I appreciate how you put this subject. Your videos give me better explanations for Linear Algebra and Calculus 3. Thank you so much!
haydeeholliday
DR Pavel. You remark that geometric diagrams are not a demostration of vectorial addition properties, and I agree, but if you would like to have a formal demostration, where can I find them? . All books use the paralelogram rule and no one use a formal demostration. Thanks in advance
gguevaramu
02:35 Sir, what do you mean by formal proof ? Is there any other proof? If yes, please tell where I could get it.
kaminipandey
why the definition is like that for the length? I get the direction of the result of addition but the definition for its length isn't clear. despite the fact it will be clear in an argument includes components.
abdulrahmanmahmoudanter
The "Bourbaki" definition of a vector is that it's an element of a vector space. We can draw arrows in the plane or in space, and impose rules on how they combine, but it's not clear how to characterize these "geometric entities" other than saying that they live in a vector space. Having been brought up in this "Bourbaki" tradition, where a rigorous definition of an object is given by a set with a structure imposed on it, it's very difficult to read older works, like Cartan's Geometry of Riemannian Spaces, in that he doesn't define a structure (worse, he doesn't even define what a vector is!) before introducing an object, and distinguishes between a vector v, and the Cartesian triple that represents it after an imposition of Cartesian coordinates. It's almost as if he thought of vectors as "actual objects living in space". How to reconcile these two views?
maxisjaisi
You make maths seem interesting, thank you. Im in last year of maths and i was feeling a bit discouraged but not anymore thanks to you :)
darkdevil
Glad to see you're still doing this, and have almost 25k subscribers. Awesome. Recommending this to my MVC professor tomorrow.
chrstfer
thanks for all the efforts .I heard some people talking about attached or sticked vectors (don't have the freedom to move their application or first point) and free vectors. please have you got some more information, thanks again...
SkanderTALEBHACINE
(6:43) It does convince me since there is no stretching or rotation going on while you parallel transport a vectors in an Euclidean space, i.e. the sum will always become the greatest "hypotenuse" in the projected parallelepiped (i.e. all possible tip-to-toe configurations), therefore *a+b+c* must always be associative (in Euclidean space). It also follows from this that the order in how you add them does not affect the end result, i.e. *a+b+c* = *c+b+a* etc. Which is another way to say that vectors -always- _commute_ under addition.

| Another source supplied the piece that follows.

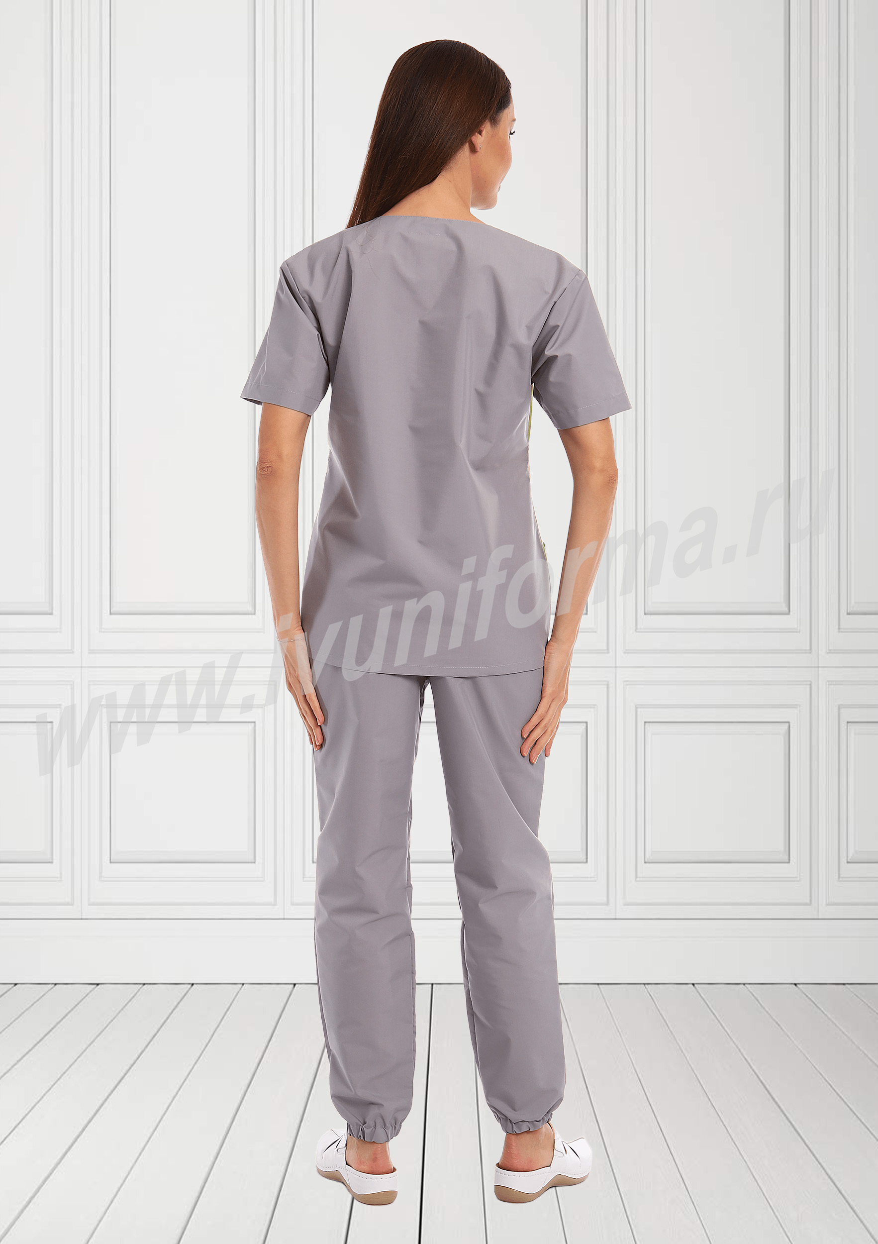 Костюм женский универсальный состоит из куртки и брюк. Куртка прямого силуэта средней длины, в нижней части полочки расположены боковые вместительные карманы, в верхней части имеется удобный нагрудный карман. Полочка с отрезными кокетками, с V-образным вырезом горловины, декорирована эффектной вставкой. Спинка прямая, рукава короткие, втачные. Брюки – джоггеры на резинке создают динамичный образ современного специалиста. Костюм выполнен из легкой смесовой ткани, прост в уходе, предназначен для медицинских работников и персонала СПА салонов.
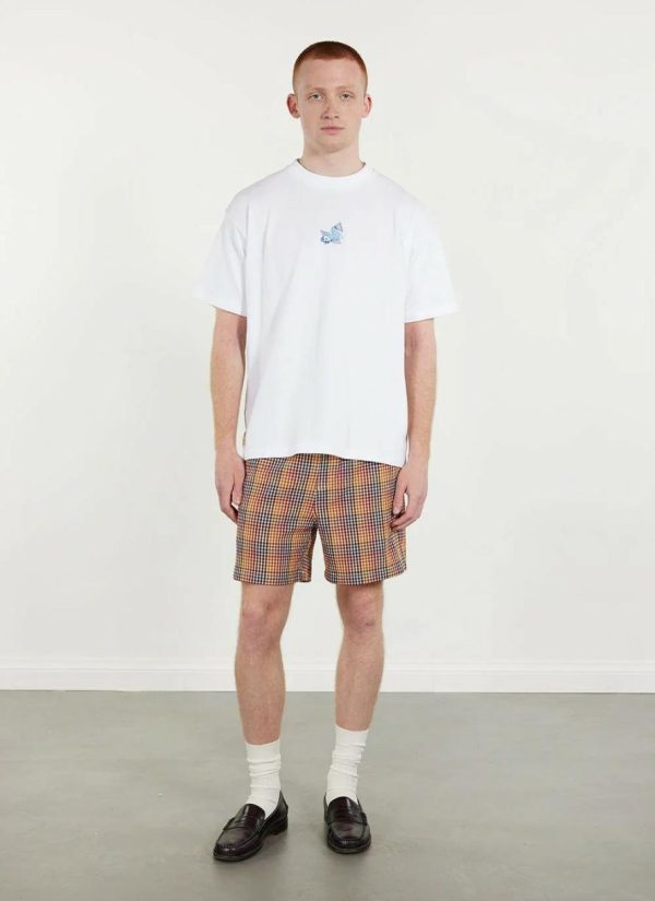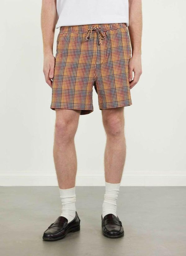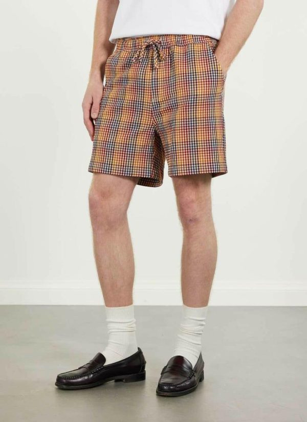- Features: Men’s checked shorts with a drawstring waist. With a wider leg and pockets, these everyday shorts are perfect for summer slouching.

A note about multiplying a vector with a number (scalar): in the physical interpretation, multiplying with a a scalar does not change the vector to another object. It just change the characteristic, i.e. magnitude, of the object. One can think about the scalar as "energy" transferred to, or removed from, the object, and as such we also realize that energy does not have any intrinsic dimension but its manifestation depends on the object itself, i.e. pressure, momentum, stress, etc.